Provided data Block Start
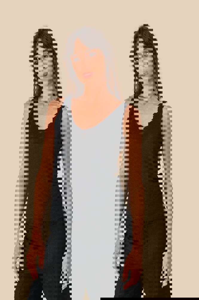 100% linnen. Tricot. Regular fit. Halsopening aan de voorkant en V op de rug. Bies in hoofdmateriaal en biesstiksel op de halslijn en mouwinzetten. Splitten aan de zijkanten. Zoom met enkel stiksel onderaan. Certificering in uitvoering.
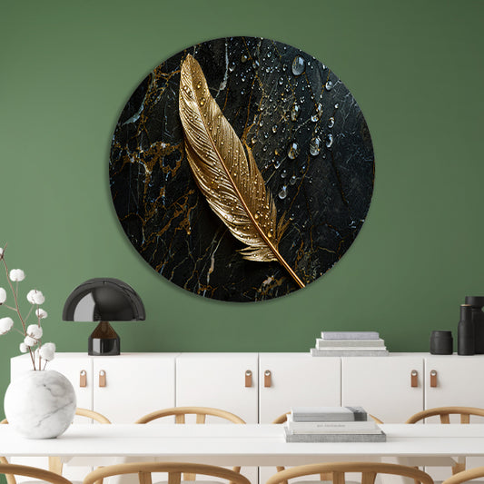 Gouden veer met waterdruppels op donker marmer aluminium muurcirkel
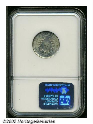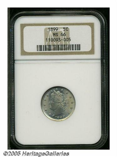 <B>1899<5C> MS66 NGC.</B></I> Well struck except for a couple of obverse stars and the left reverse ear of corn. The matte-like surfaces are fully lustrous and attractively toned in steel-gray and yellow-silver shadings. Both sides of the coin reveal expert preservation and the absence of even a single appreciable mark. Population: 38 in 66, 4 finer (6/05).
Provided data Block End
Exercise brief:
Make an exact copy of the whole listing, but don't bring over any pictures.

Exercise output:
 100% linnen. Tricot. Regular fit. Halsopening aan de voorkant en V op de rug. Bies in hoofdmateriaal en biesstiksel op de halslijn en mouwinzetten. Splitten aan de zijkanten. Zoom met enkel stiksel onderaan. Certificering in uitvoering.
 Gouden veer met waterdruppels op donker marmer aluminium muurcirkel
 <B>1899<5C> MS66 NGC.</B></I> Well struck except for a couple of obverse stars and the left reverse ear of corn. The matte-like surfaces are fully lustrous and attractively toned in steel-gray and yellow-silver shadings. Both sides of the coin reveal expert preservation and the absence of even a single appreciable mark. Population: 38 in 66, 4 finer (6/05).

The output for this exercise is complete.